Quali sono secondo te gli ‘ingredienti’ necessari per superare i propri limiti?
Ci sono persone che conosci che tu consideri ‘diverse’? Perché? Che sentimenti provi
nei loro confronti? Come li tratti?
Ti capita di sentirti ‘diverso’? Rispetto a chi? Quando? Perché? Come ti comporti quando ti senti ‘diverso’?

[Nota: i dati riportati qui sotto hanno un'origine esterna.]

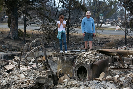 Sept. 18: Scott Chancey (right), the director of Josephine County’s transit system, and his wife Kelli survey the remains of their Willow Springs Drive home after the Almeda Fire tore through their subdivision in Talent. Kelli ran a half-mile in bare feet as the fire closed in to rescue their two cats, Moby and Dolly.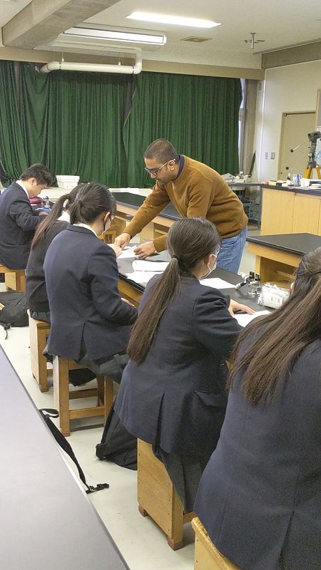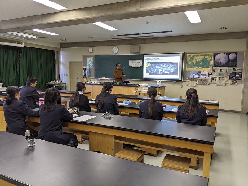 Kagawa Chuo High School (Takamatsu, Japan). The participants of the lecture session included eight students from the 10th grade and three teachers. The lecture focused on geology basics, the contributions of structural geologists to the society, my own research and its significance, and demonstrations of using the stereonet to plot structural data. Interacting with the students was a delightful and enriching experience and I am happy that the students loved it. Here's their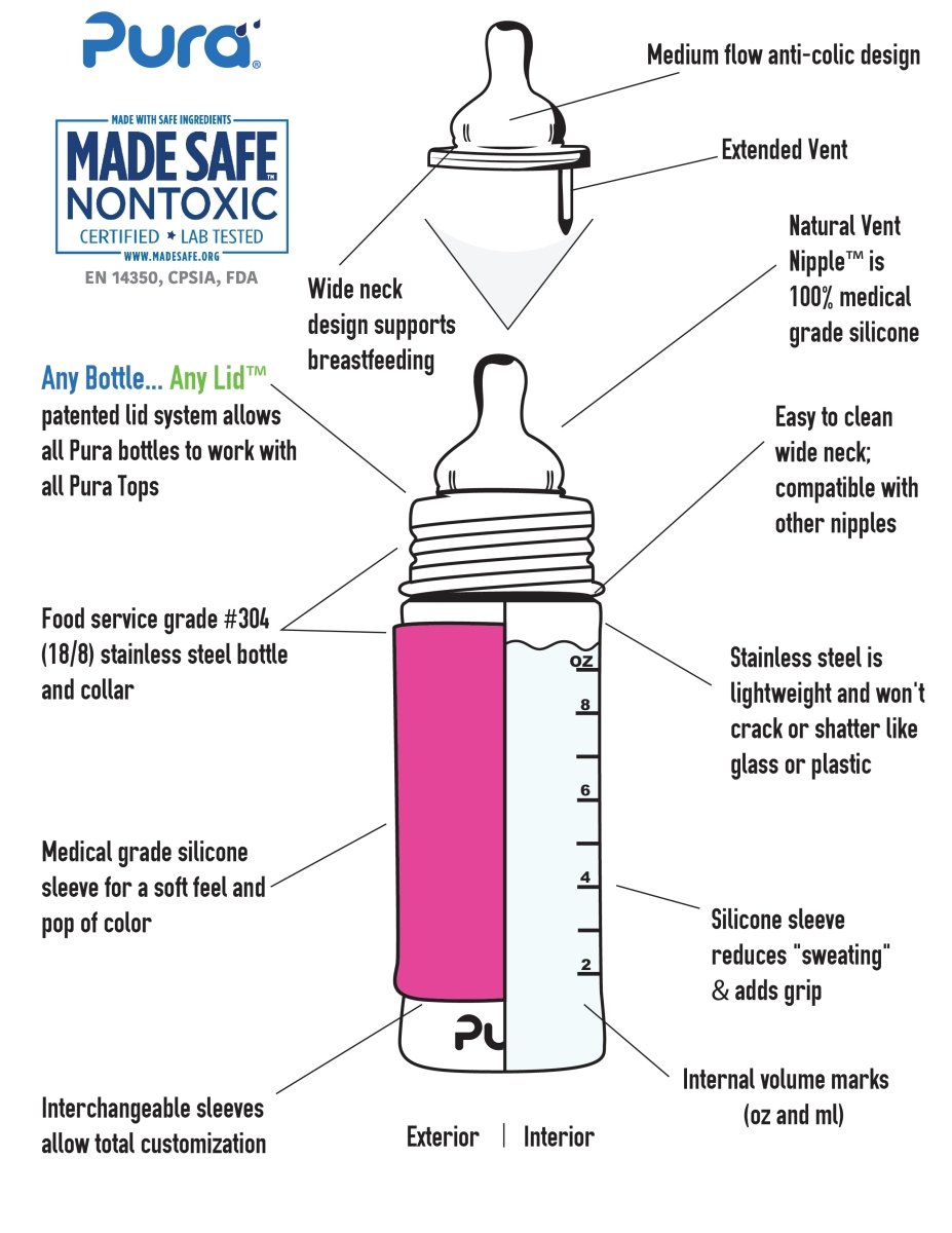 Diese preisgekrönte SchnullerEdelstahlflasche ist die perfekte Trinkflasche für Babys und 100% plastikfrei! Die Flasche ist plastikfrei und daher sicher, umweltfreundlich und vor allem praktisch. Der Deckel ist austauschbar, so dass die Flasche auf verschiedene Arten verwendet werden kann. So kann die Flasche mit dir mitwachsen, von der SchnullerFlasche über den Strohhalmbecher bis hin zur Sportflasche. Pura ist das einzige auf der Welt, das von MadeSafe als NONToxic zertifiziert wurde.org.

Approfondimenti: handicap e diversità, i pregiudizi nelle relazioni, le scuole ‘speciali’ e
l’esclusione, il coraggio come ‘terapia’ del limite, l’handicap nel cinema e nella vita
reale.
PERCORSI DIDATTICI
• Il coraggio può essere una favola ad occhi chiusi recita la locandina del film, Sogno,
suono, sono, sostiene Mirco Mencacci: a partire da queste affermazioni far sperimentare agli alunni l’esperienza di ri-trovare dentro sé immagini, storie e situazioni, chiudendo gli occhi e lasciandosi avvolgere solo dal mondo sonoro.
• In Rosso come il cielo i dialoghi, i suoni e, in particolare, i rumori sono molto importanti
e significativi. A partire dalle suggestioni proposte dalle ‘favole sonore’ è possibile proporre agli alunni di munirsi di un semplice registratore e di un microfono e provare a
riprodurre i suoni della natura e anche a crearne nuovi con oggetti d’uso comune. I suoni ottenuti potranno servire come punto di partenza per inventare una nuova storia.